Обман ему дал жизнь, обман ему спасенье!
Наша русская поэзия до Пушкина была именно позолоченною пилюлею, подслащенным лекарством. И потому в ней истинная, вдохновенная и творческая поэзия только проблескивала временами в частностях, и эти проблески тонули в массе риторической воды. Много было сделано для языка, для стиха, кое-что было сделано и для поэзии; но поэзии как поэзии, то есть такой поэзии, которая, выражая то или другое, развивая такое или иное миросозерцание, прежде всего была бы поэзией, – такой поэзии еще не было! Пушкин был призван быть живым откровением ее тайны на Руси, И так как его назначение было завоевать, усвоить навсегда русской земле поэзию, как искусство, так, чтоб русская поэзия имела потом возможность быть выражением всякого направления, всякого созерцания, не боясь перестать быть поэзиею и перейти в рифмованную прозу, – то естественно, что Пушкин должен был явиться исключительно художником.
Еще раз: до Пушкина были у нас поэты, но не было ни одного поэта-художника; Пушкин был первым русским поэтом-художником. Поэтому даже самые первые незрелые юношеские его произведения, каковы: «Руслан и Людмила», «Братья разбойники», «Кавказский пленник» и «Бахчисарайский фонтан», отметили своим появлением новую эпоху в истории русской поэзии. Все, не только образованные, даже многие просто грамотные люди, увидели в них не просто новые поэтические произведения, но совершенно новую поэзию, которой они не знали на русском языке не только образца, но на которую они не видали никогда даже намека. И эти поэмы читались всею грамотною Россиею; они ходили в тетрадках, переписывались девушками, охотницами до стишков, учениками на школьных скамейках, украдкою от учителя, сидельцами за прилавками магазинов и лавок. И это делалось не только в столицах, но даже и в уездных захолустьях. Тогда-то поняли, что различие стихов от прозы заключается не в рифме и размере только, но что и стихи, в свою очередь, могут быть и поэтические и прозаические. Это значило уразуметь поэзию уже не как что-то внешнее, но в ее внутренней сущности… Чтоб выразить всю силу неотразимого влияния на душу и сердце человека поэзии Гомера, греки говорили, что он похитил пояс Афродиты…

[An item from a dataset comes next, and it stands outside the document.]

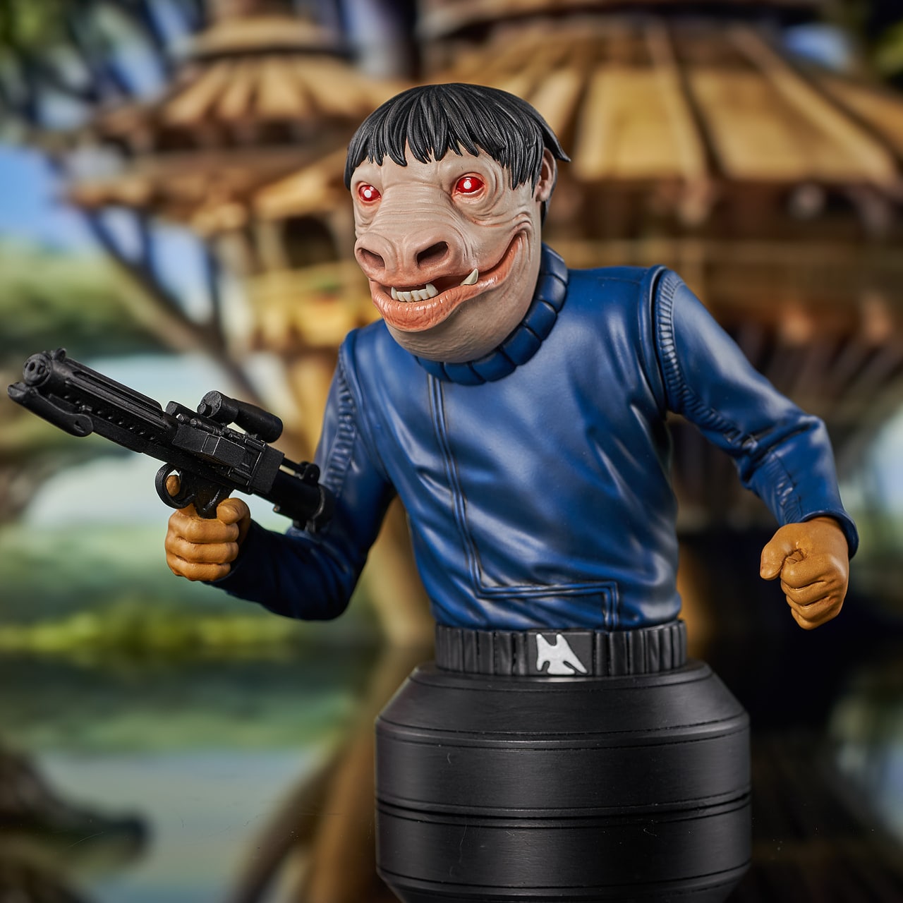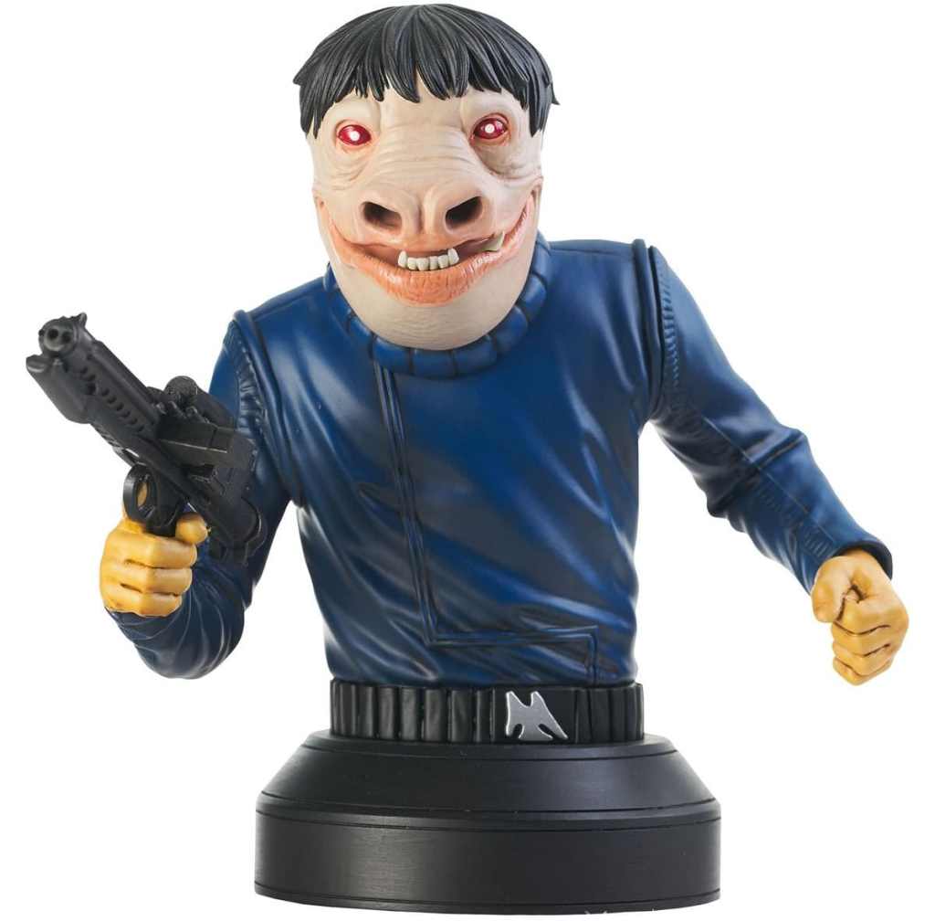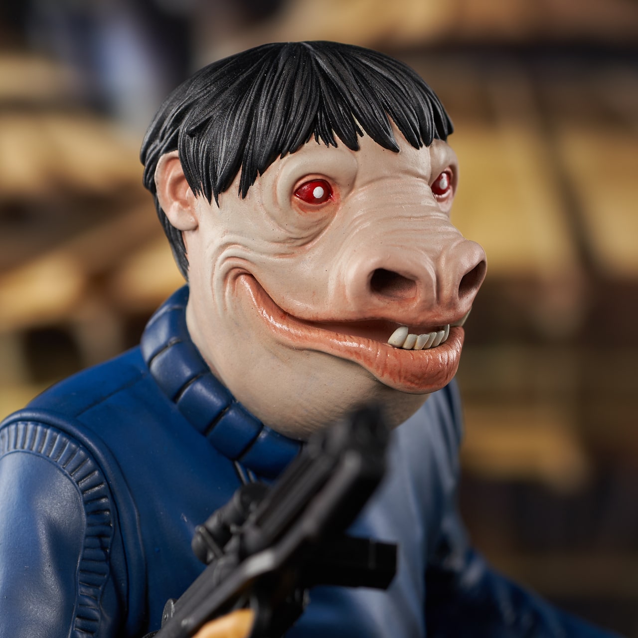 Only available in the Sears Cantina Adventure Set, Blue Snaggletooth was somewhat of a rarity for vintage action figure collectors. Now he’s the newest 1/6 scale bust in the Star Wars line! His real name a mystery, this approximately 5″ bust shows the Snivvian with his blaster drawn and is limited to only 2000 pieces. It comes packaged in a full-color box with a numbered certificate of authenticity. Designed by Leo Silv and sculpted by Gentle Giant’s in-house team of professional artists.

Пушкин первый из русских поэтов овладел поясом Киприды. Не только стих, но каждое ощущение, каждое чувство, каждая мысль, каждая картина исполнены у него невыразимой поэзии. Он созерцал природу и действительность под особенным углом зрения, и этот угол был исключительно поэтический. Муза Пушкина – это девушка-аристократка, в которой обольстительная красота и грациозность непосредственности сочетались с изяществом тона и благородною простотою и в которой прекрасные внутренние качества развиты и еще более возвышены виртуозностью формы, до того усвоенной ею, что эта форма сделалась ей второю природою.
Самобытные мелкие стихотворения Пушкина не восходят далее 1819 года и с каждым следующим годом увеличиваются в числе. Из них прежде всего обратим внимание на те маленькие пьесы, которые, и по содержанию и по форме, отличаются характером античности и которые с первого раза должны были показать в Пушкине художника по превосходству. Простота и обаяние их красоты выше всякого выражения: это музыка в стихах и скульптура в поэзии. Пластическая рельефность выражения, строгий классический рисунок мысли, полнота и оконченность целого, нежность и мягкость отделки в этих пьесах обнаруживают в Пушкине счастливого ученика мастеров древнего искусства.
А между тем он не знал по-гречески, и вообще многосторонний, глубокий художнический инстинкт заменял ему изучение древности, в школе которой воспитываются все европейские поэты. Этой поэтической натуре ничего не стоило быть гражданином всего мира и в каждой сфере жизни быть как у себя дома; жизнь и природа, где бы ни встретил он их, свободно и охотно ложились на полотне под его кистью.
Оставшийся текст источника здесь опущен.